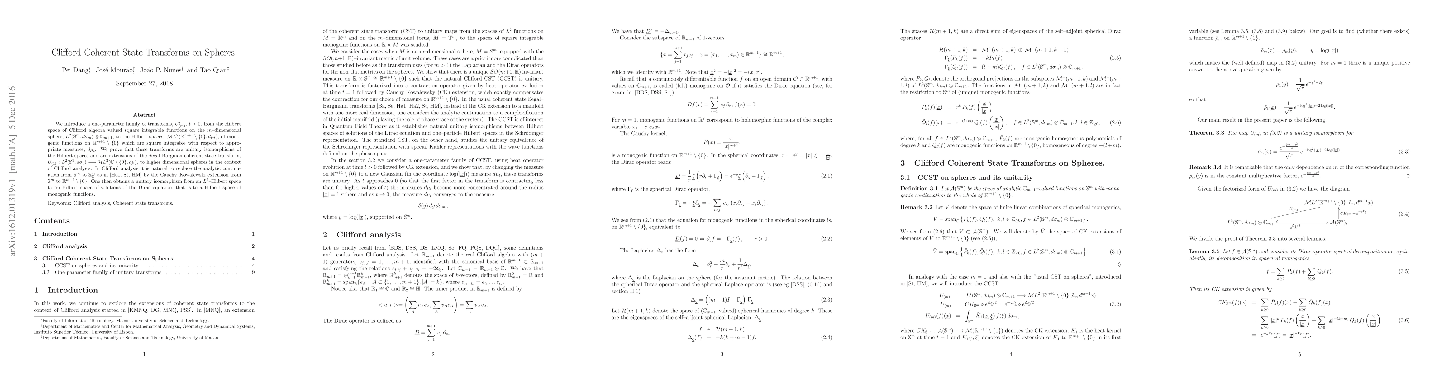 We introduce a one-parameter family of transforms, $U^t_{(m)}$, $t>0$, from the Hilbert space of Clifford algebra valued square integrable functions on the $m$--dimensional sphere, $L^2(S^{m},d\sigma_{m})\otimes \mathbb{C}_{m+1}$, to the Hilbert spaces, ${\mathcal M}L^2(\mathbb{R}^{m+1} \setminus \{0\},d\mu_t)$, of monogenic functions on $\mathbb{R}^{m+1}\setminus \{0\}$ which are square integrable with respect to appropriate measures, $d\mu_t$. We prove that these transforms are unitary isomorphisms of the Hilbert spaces and are extensions of the Segal-Bargman coherent state transform, $U_{(1)} : L^2(S^{1},d\sigma_{1}) \longrightarrow {\mathcal H}L^2({\mathbb{C} \setminus \{0\}},d\mu)$, to higher dimensional spheres in the context of Clifford analysis. In Clifford analysis it is natural to replace the analytic continuation from $S^m$ to $S^m_{\mathbb{C}}$ as in \cite{Ha1, St, HM} by the Cauchy--Kowalewski extension from $S^m$ to $\mathbb{R}^{m+1}\setminus \{0\}$. One then obtains a unitary isomorphism from an $L^2$--Hilbert space to an Hilbert space of solutions of the Dirac equation, that is to a Hilbert space of monogenic functions.
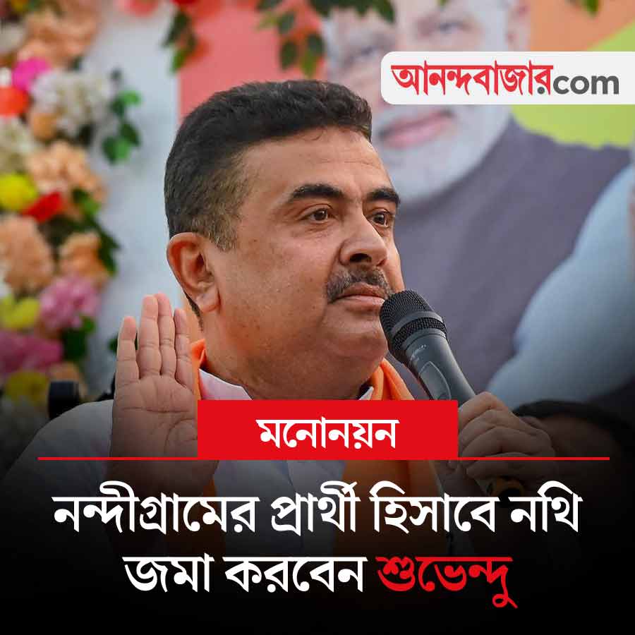 আজ দুপুরে নন্দীগ্রাম বিধানসভা কেন্দ্রে প্রতিদ্বন্দ্বিতার জন্য মনোনয়নপত্র জমা দেবেন শুভেন্দু অধিকারী। হলদিয়ায় এই মনোনয়ন জমা দেবেন তিনি। মনোনয়নপত্র জমার কর্মসূচিতে বিরোধী দলনেতা শুভেন্দুর সঙ্গে থাকবেন দিলীপ ঘোষও। থাকবেন কেন্দ্রীয় মন্ত্রী ধর্মেন্দ্র প্রধান, উত্তরপ্রদেশের মন্ত্রী জেপিএস রাঠৌরও। এ ছাড়া মহিষাদল এবং হলদিয়ার বিজেপি প্রার্থীরাও থাকবেন শুভেন্দুর মনোনয়ন জমার কর্মসূচিতে। এই সংক্রান্ত খবরে নজর থাকবে আজ।
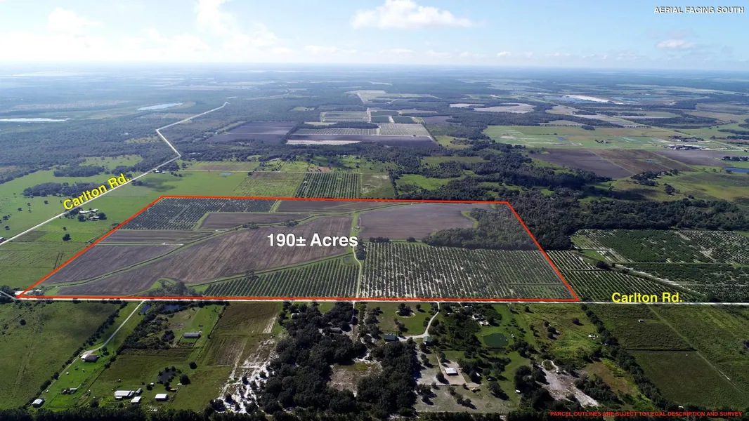PROPERTY DESCRIPTION The opportunity is to purchase a 190-acre farm on Carlton Road Parrish. It consists of approximately 110 net acres of row crop farmland and 60 net tree acres of grove (Hamlins). It also has 3,600+ feet of frontage on Carlton Road.

TASK REQUIREMENTS: Before handing back the copy, remove the pictures; otherwise print the data exactly.

RESPONSE FOR THIS EXERCISE:
 We introduce a one-parameter family of transforms, $U^t_{(m)}$, $t>0$, from the Hilbert space of Clifford algebra valued square integrable functions on the $m$--dimensional sphere, $L^2(S^{m},d\sigma_{m})\otimes \mathbb{C}_{m+1}$, to the Hilbert spaces, ${\mathcal M}L^2(\mathbb{R}^{m+1} \setminus \{0\},d\mu_t)$, of monogenic functions on $\mathbb{R}^{m+1}\setminus \{0\}$ which are square integrable with respect to appropriate measures, $d\mu_t$. We prove that these transforms are unitary isomorphisms of the Hilbert spaces and are extensions of the Segal-Bargman coherent state transform, $U_{(1)} : L^2(S^{1},d\sigma_{1}) \longrightarrow {\mathcal H}L^2({\mathbb{C} \setminus \{0\}},d\mu)$, to higher dimensional spheres in the context of Clifford analysis. In Clifford analysis it is natural to replace the analytic continuation from $S^m$ to $S^m_{\mathbb{C}}$ as in \cite{Ha1, St, HM} by the Cauchy--Kowalewski extension from $S^m$ to $\mathbb{R}^{m+1}\setminus \{0\}$. One then obtains a unitary isomorphism from an $L^2$--Hilbert space to an Hilbert space of solutions of the Dirac equation, that is to a Hilbert space of monogenic functions.
 আজ দুপুরে নন্দীগ্রাম বিধানসভা কেন্দ্রে প্রতিদ্বন্দ্বিতার জন্য মনোনয়নপত্র জমা দেবেন শুভেন্দু অধিকারী। হলদিয়ায় এই মনোনয়ন জমা দেবেন তিনি। মনোনয়নপত্র জমার কর্মসূচিতে বিরোধী দলনেতা শুভেন্দুর সঙ্গে থাকবেন দিলীপ ঘোষও। থাকবেন কেন্দ্রীয় মন্ত্রী ধর্মেন্দ্র প্রধান, উত্তরপ্রদেশের মন্ত্রী জেপিএস রাঠৌরও। এ ছাড়া মহিষাদল এবং হলদিয়ার বিজেপি প্রার্থীরাও থাকবেন শুভেন্দুর মনোনয়ন জমার কর্মসূচিতে। এই সংক্রান্ত খবরে নজর থাকবে আজ।
PROPERTY DESCRIPTION The opportunity is to purchase a 190-acre farm on Carlton Road Parrish. It consists of approximately 110 net acres of row crop farmland and 60 net tree acres of grove (Hamlins). It also has 3,600+ feet of frontage on Carlton Road.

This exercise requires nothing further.